What is being asked> The records below are to be reproduced exactly, with the pictures left out.

Supplied entries>
════════════════

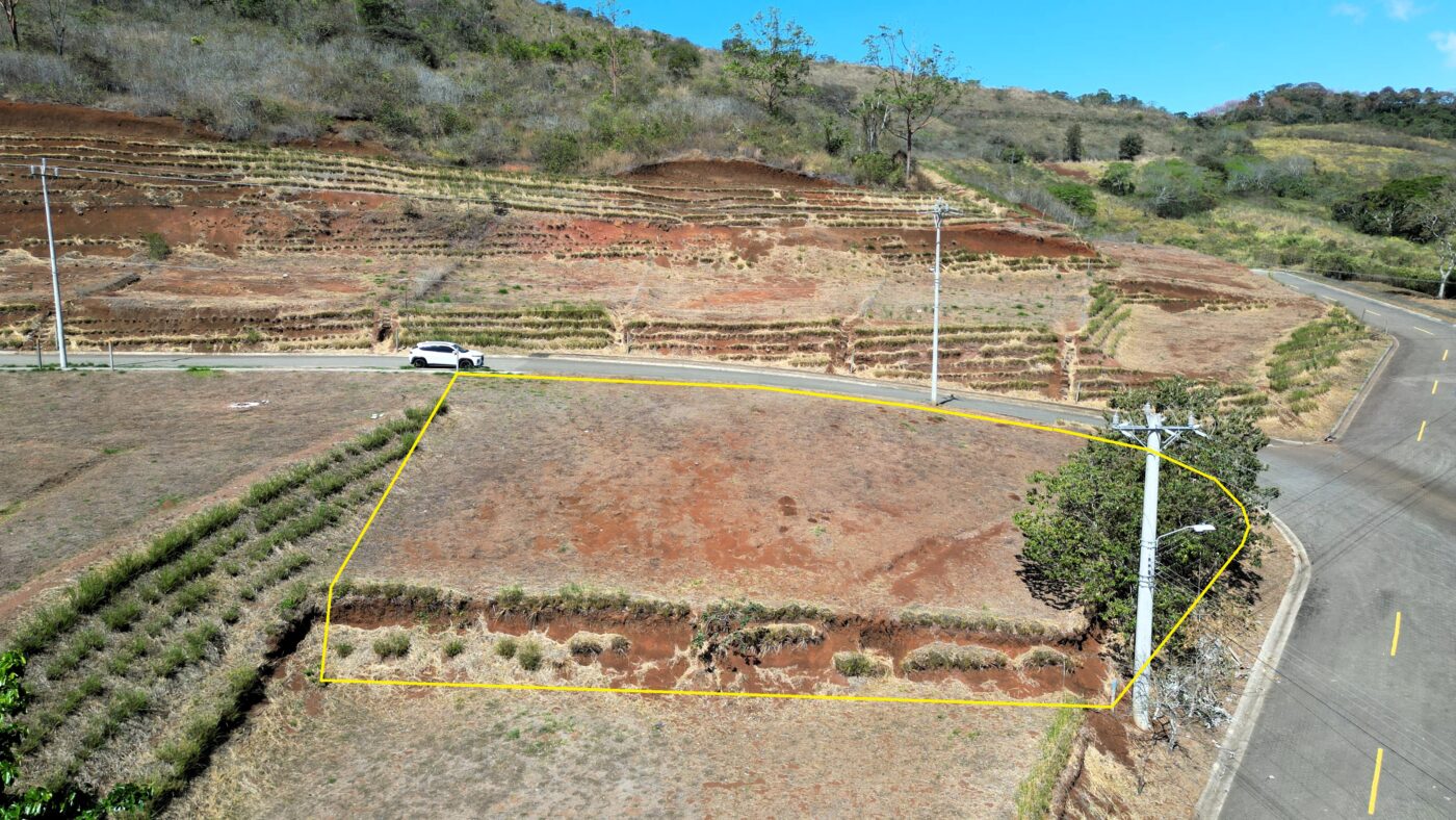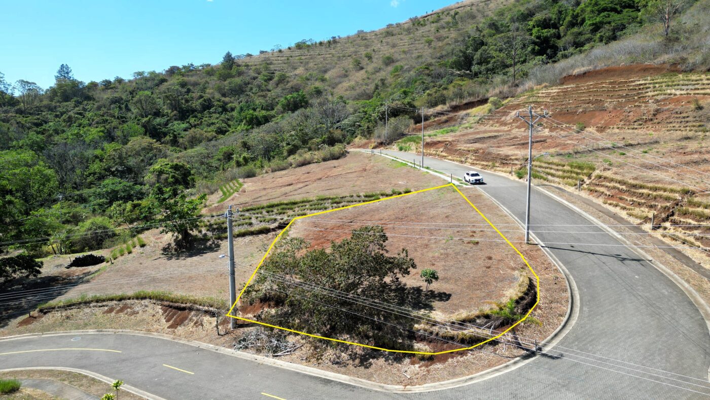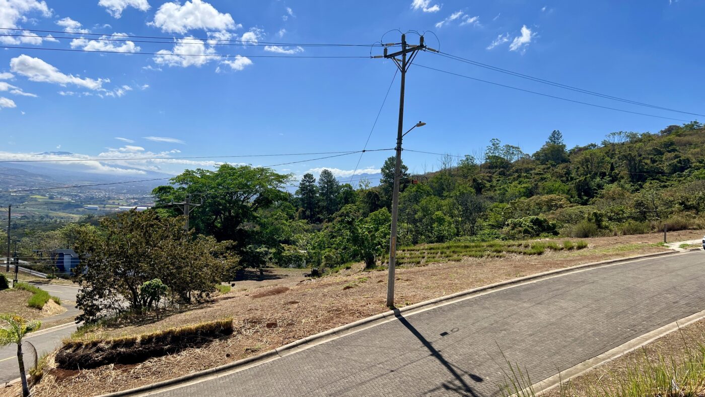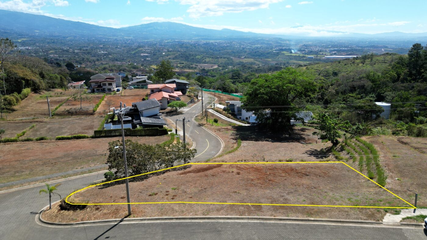 Ese bello lote esquinero tiene un área de 769 m2 y gracias a su ubicación, nos ofrece preciosas vistas al Valle Central y montañas vecinas.
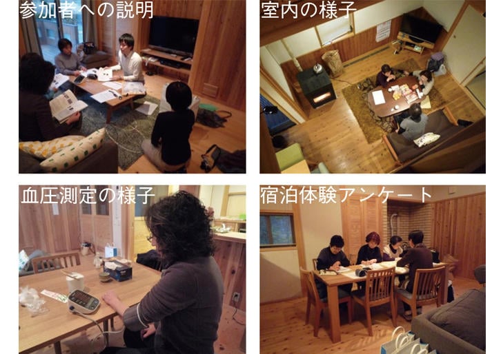 この社会課題への対応策を検討しようと、高知県梼原町(ゆすはらちょう)において、「健康長寿を実現する住まいとコミュニティの創造(研究代表・伊香賀俊治)」という事業が展開された*3。ここでは、町内の高齢者に高断熱高気密のモデル住宅と自宅の違いを、肌で体験してもらう宿泊体験学習を実施した。自宅とモデル住宅の双方で温湿度の測定や熱画像の撮影、さらには家庭血圧や睡眠の質等についても測定しており、目でも体感できるプログラムとした。参加者からは「モデル住宅は廊下でも寒くなかった」、「自宅がいかに寒いか実感した」、「寒い日は朝の血圧が高いことがわかった」などの反応があり、住民の気づきにつながった。また、知人同士で参加してもらったことにより、モデル住宅と自宅の室温比較に留まらず、知人の家との比較までも行われており、とくに寒い人が問題意識をもつことにも寄与していた(図1)。
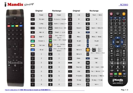 Un document est inclus pour vous aider à utiliser facilement la nouvelle télécommande, en indiquant la correspondance des boutons.
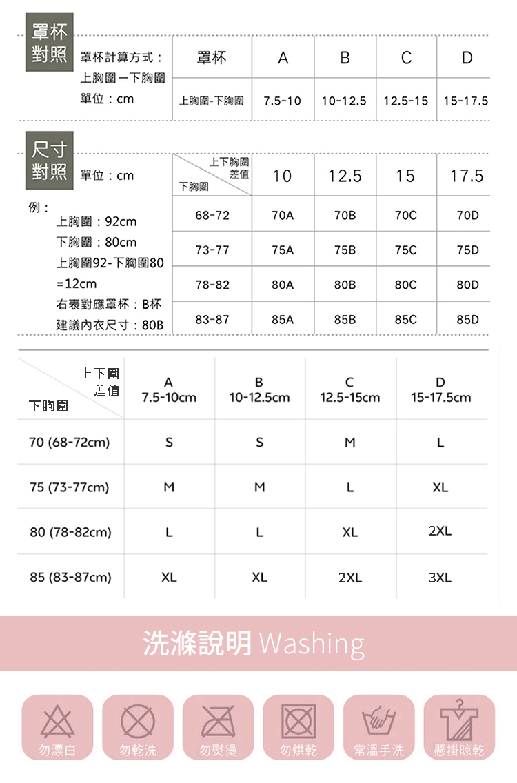 商品尺寸: 32/70AB(S)、34/75AB(M)、36/80AB(L)、36/80C(XL)、38/85C(2XL)、40/90C(3XL)
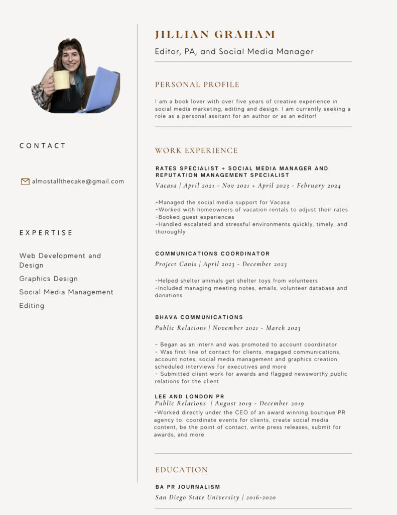 I am a book lover with over five years of creative experience in social media marketing, editing and design. I am currently seeking a role as a personal assitant for an author or as an editor!
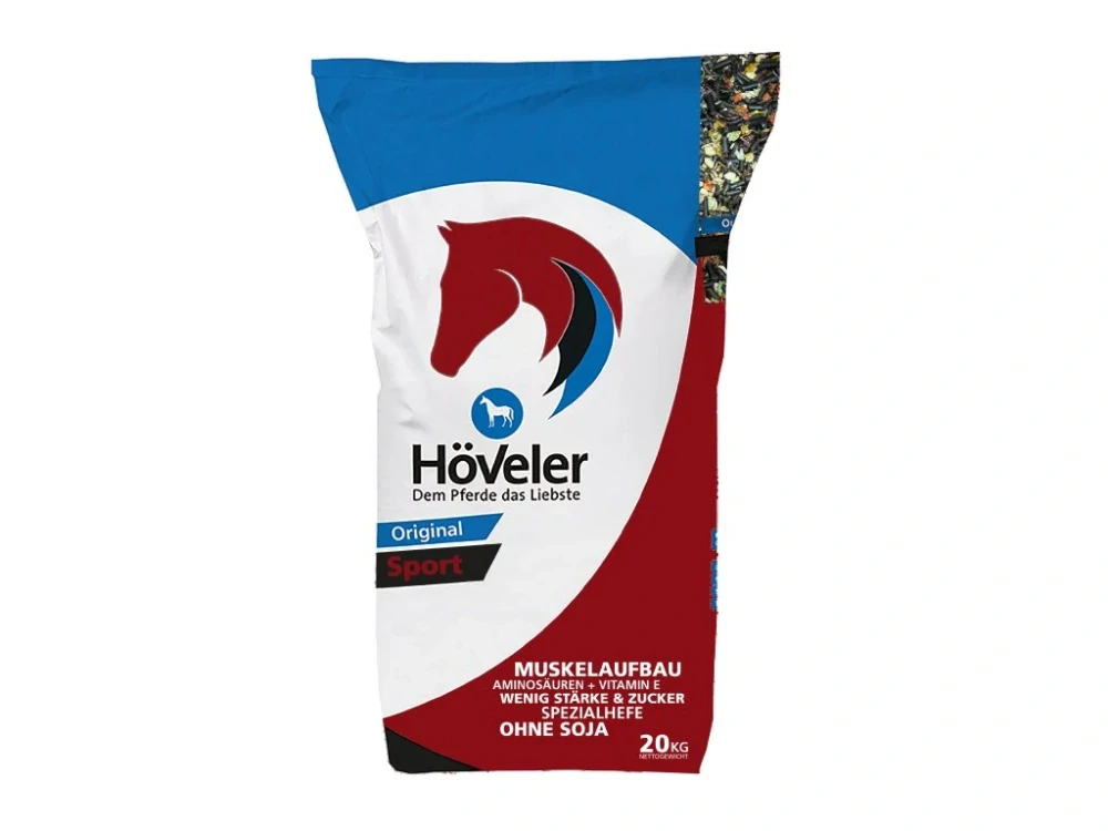 Höveler Sport je vysoce stravitelná müsli směs bohatá na bílkoviny a aminokyseliny s nízkým obsahem škrobu a cukru pro sportovní koně a poníky. Vysoký obsah esenciálních aminokyselin, jako je lysin a threonin, a také přidaný vitamín E cíleně podporují svalový metabolismus koně. Pečlivě vybraná kombinace hydrotermálně zpracovaných obilných vloček, cenných esenciálních mastných kyselin a bezobilných složek zajišťuje příjemnou hladinu energie a díky nízkému obsahu škrobu a cukru tvoří krmení šetrné k žaludku a střevům.
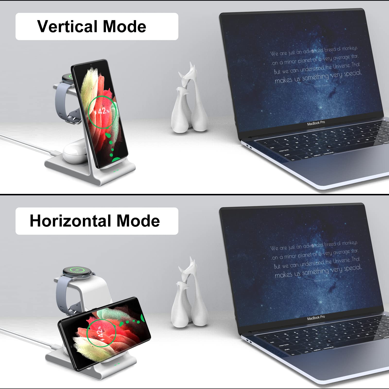 - Original Charging Stations – Wireless Charger for Samsung Galaxy S23 Ultra S22 Z Flip 3/Fold 3 S21 FE, 3 in 1 Wireless Charging Station for S21/20/10/9, Galaxy Watch 7/6/5/4/3/1/Active 2/1/Buds/Pro, Gear S4/3 Sport (White) by doeboe
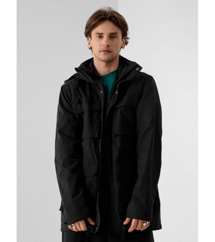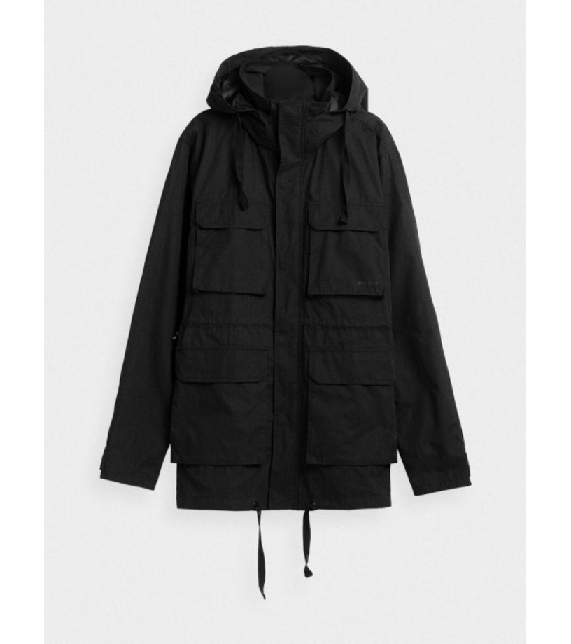 Přechodová pánská bunda. Přechodová bunda s možností regulace v pase. Vysoký límec a prostorná integrovaná kapuce se stahovacími šňůrkami. Technická konstrukce z matného materiálu s množstvím kapes a možností úprav, navíc s voděodolnou úpravou. Moderní střih se hodí do každé městské stylizace.
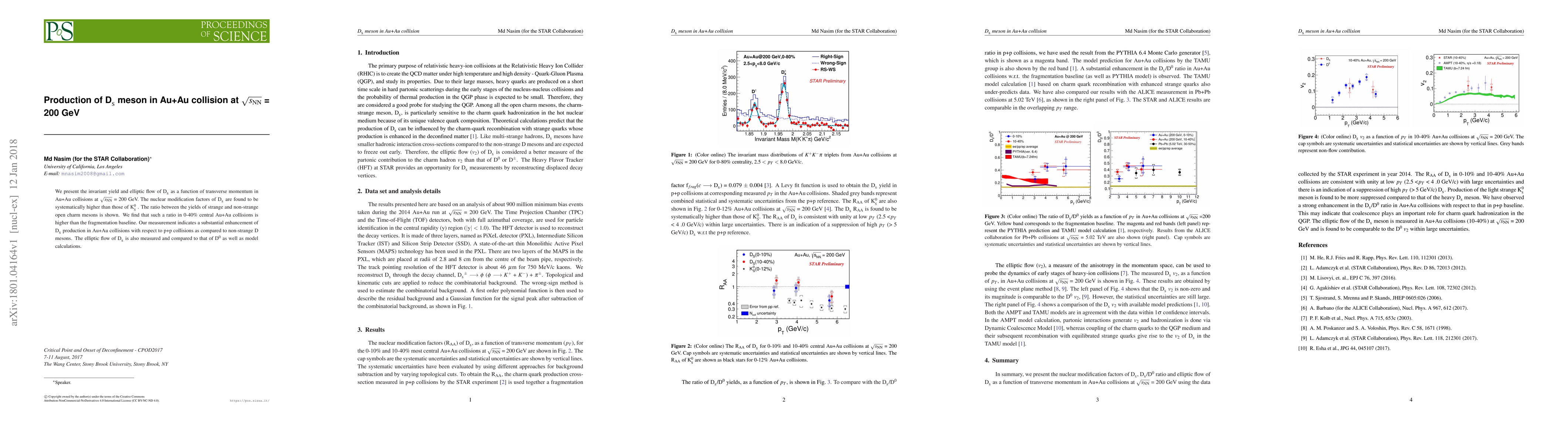 We present the invariant yield and elliptic flow of D$_{\rm_{S}}$ as a function of transverse momentum in Au+Au collisions at $\sqrt{s_{\rm{NN}}}$ = 200 GeV. The nuclear modification factors of D$_{\rm_{S}}$ are found to be systematically higher than those of K$^{0}_{\rm_{S}}$ . The ratio between the yields of strange and non-strange open charm mesons is shown. We find that such a ratio in 0-40$\%$ central Au+Au collisions is higher than the fragmentation baseline. Our measurement indicates a substantial enhancement of D$_{\rm_{S}}$ production in Au+Au collisions with respect to p+p collisions as compared to non-strange D mesons. The elliptic flow of D$_{\rm_{S}}$ is also measured and compared to that of D$^{0}$ as well as model calculations.
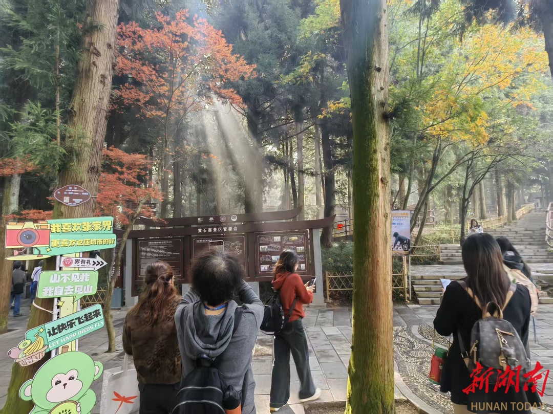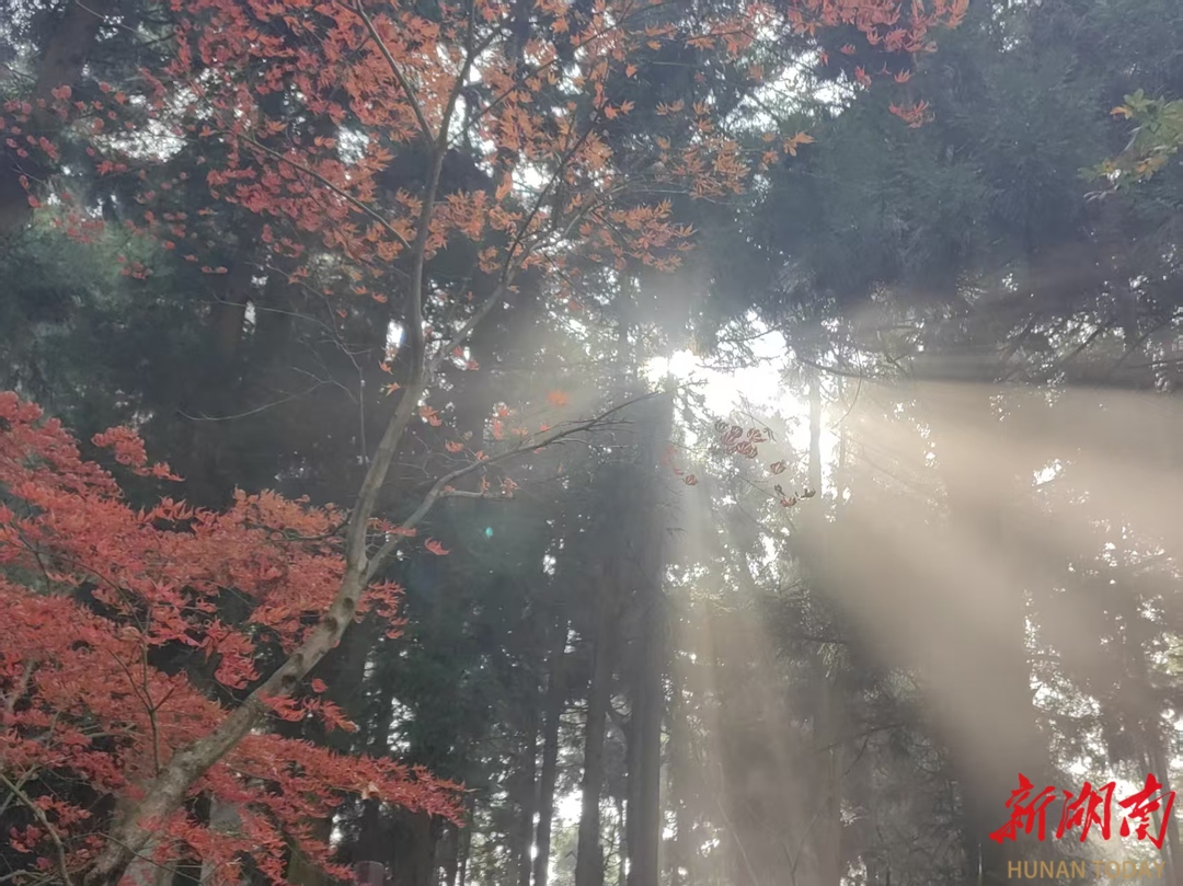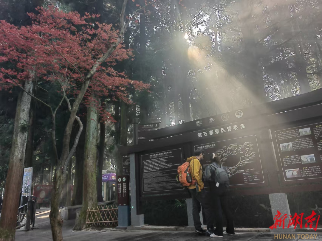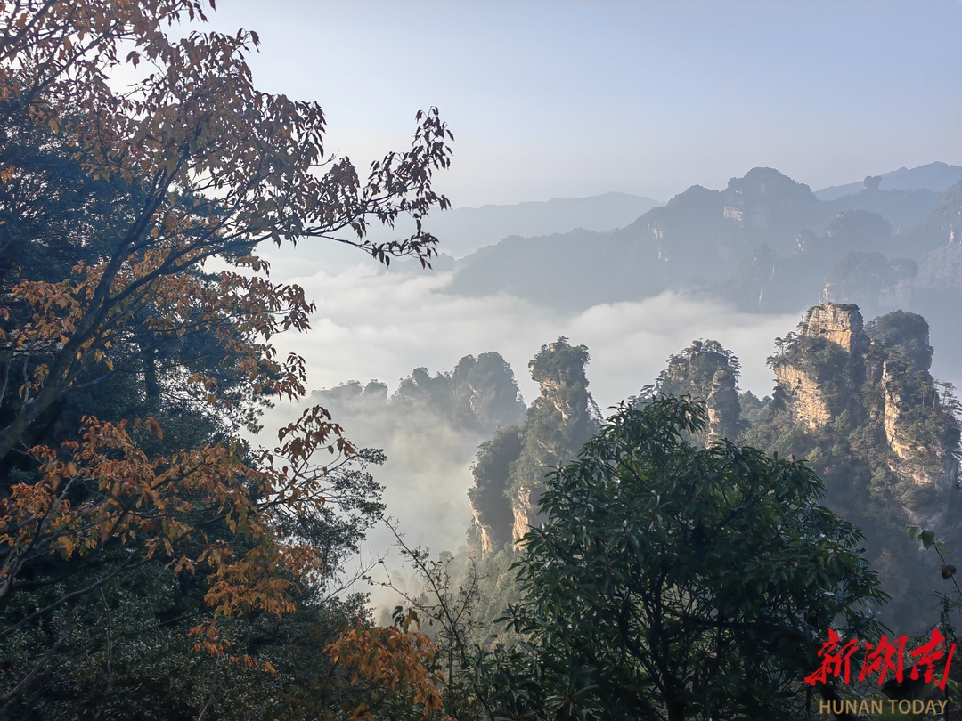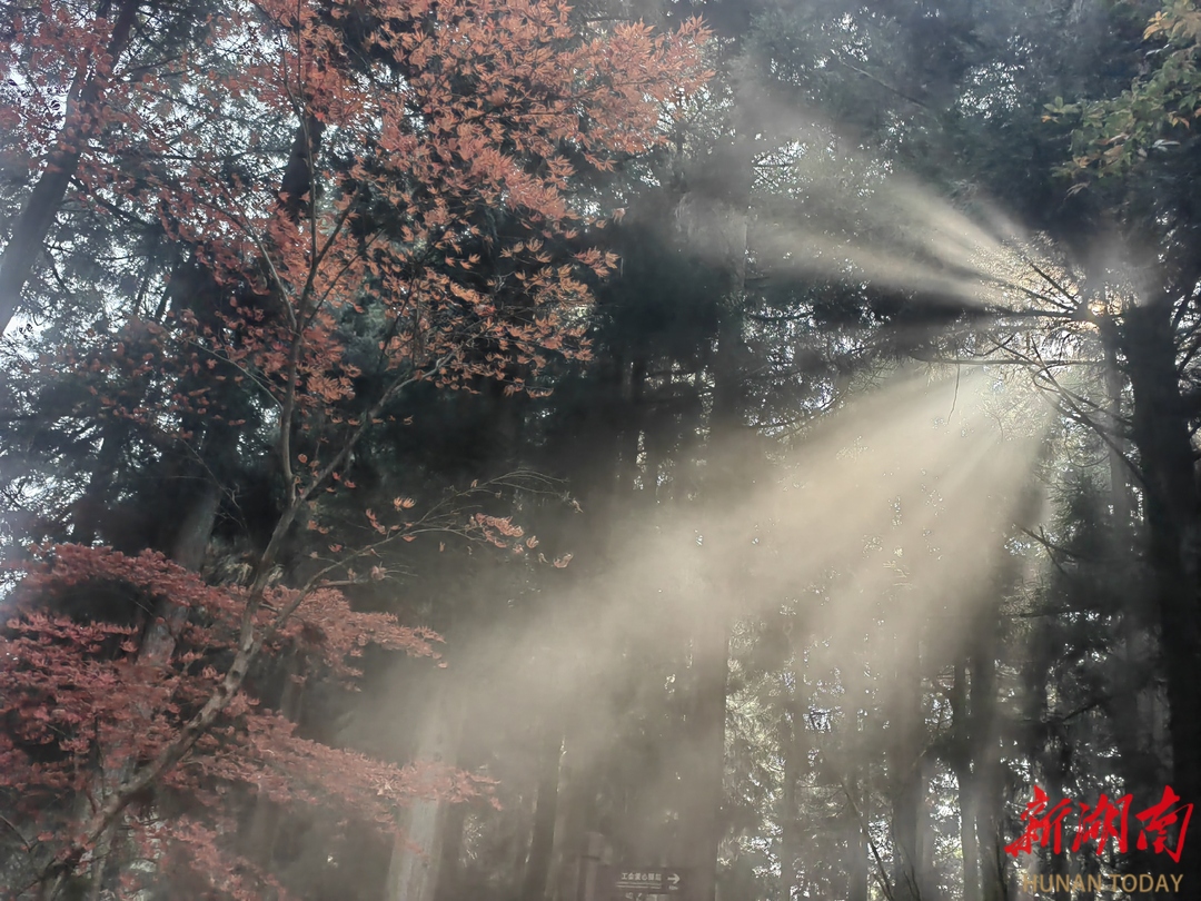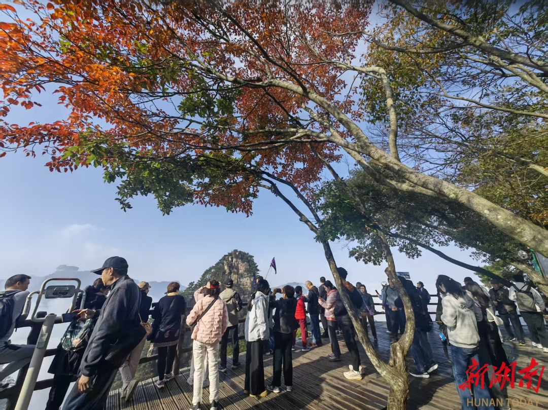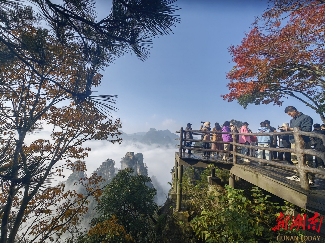 11月4日晨,张家界国家森林公园黄石寨景区,阳光穿过森林和云雾,照在叶子变红的树枝上,形成的光影图画宛如仙境引来中外游客拍照。湖南日报·新湖南客户端通讯员 邓道理 摄影报道

════════════════

Exercise answer>
 Ese bello lote esquinero tiene un área de 769 m2 y gracias a su ubicación, nos ofrece preciosas vistas al Valle Central y montañas vecinas.
 この社会課題への対応策を検討しようと、高知県梼原町(ゆすはらちょう)において、「健康長寿を実現する住まいとコミュニティの創造(研究代表・伊香賀俊治)」という事業が展開された*3。ここでは、町内の高齢者に高断熱高気密のモデル住宅と自宅の違いを、肌で体験してもらう宿泊体験学習を実施した。自宅とモデル住宅の双方で温湿度の測定や熱画像の撮影、さらには家庭血圧や睡眠の質等についても測定しており、目でも体感できるプログラムとした。参加者からは「モデル住宅は廊下でも寒くなかった」、「自宅がいかに寒いか実感した」、「寒い日は朝の血圧が高いことがわかった」などの反応があり、住民の気づきにつながった。また、知人同士で参加してもらったことにより、モデル住宅と自宅の室温比較に留まらず、知人の家との比較までも行われており、とくに寒い人が問題意識をもつことにも寄与していた(図1)。
 Un document est inclus pour vous aider à utiliser facilement la nouvelle télécommande, en indiquant la correspondance des boutons.
 商品尺寸: 32/70AB(S)、34/75AB(M)、36/80AB(L)、36/80C(XL)、38/85C(2XL)、40/90C(3XL)
 I am a book lover with over five years of creative experience in social media marketing, editing and design. I am currently seeking a role as a personal assitant for an author or as an editor!
 Höveler Sport je vysoce stravitelná müsli směs bohatá na bílkoviny a aminokyseliny s nízkým obsahem škrobu a cukru pro sportovní koně a poníky. Vysoký obsah esenciálních aminokyselin, jako je lysin a threonin, a také přidaný vitamín E cíleně podporují svalový metabolismus koně. Pečlivě vybraná kombinace hydrotermálně zpracovaných obilných vloček, cenných esenciálních mastných kyselin a bezobilných složek zajišťuje příjemnou hladinu energie a díky nízkému obsahu škrobu a cukru tvoří krmení šetrné k žaludku a střevům.
 - Original Charging Stations – Wireless Charger for Samsung Galaxy S23 Ultra S22 Z Flip 3/Fold 3 S21 FE, 3 in 1 Wireless Charging Station for S21/20/10/9, Galaxy Watch 7/6/5/4/3/1/Active 2/1/Buds/Pro, Gear S4/3 Sport (White) by doeboe
 Přechodová pánská bunda. Přechodová bunda s možností regulace v pase. Vysoký límec a prostorná integrovaná kapuce se stahovacími šňůrkami. Technická konstrukce z matného materiálu s množstvím kapes a možností úprav, navíc s voděodolnou úpravou. Moderní střih se hodí do každé městské stylizace.
 We present the invariant yield and elliptic flow of D$_{\rm_{S}}$ as a function of transverse momentum in Au+Au collisions at $\sqrt{s_{\rm{NN}}}$ = 200 GeV. The nuclear modification factors of D$_{\rm_{S}}$ are found to be systematically higher than those of K$^{0}_{\rm_{S}}$ . The ratio between the yields of strange and non-strange open charm mesons is shown. We find that such a ratio in 0-40$\%$ central Au+Au collisions is higher than the fragmentation baseline. Our measurement indicates a substantial enhancement of D$_{\rm_{S}}$ production in Au+Au collisions with respect to p+p collisions as compared to non-strange D mesons. The elliptic flow of D$_{\rm_{S}}$ is also measured and compared to that of D$^{0}$ as well as model calculations.
 11月4日晨,张家界国家森林公园黄石寨景区,阳光穿过森林和云雾,照在叶子变红的树枝上,形成的光影图画宛如仙境引来中外游客拍照。湖南日报·新湖南客户端通讯员 邓道理 摄影报道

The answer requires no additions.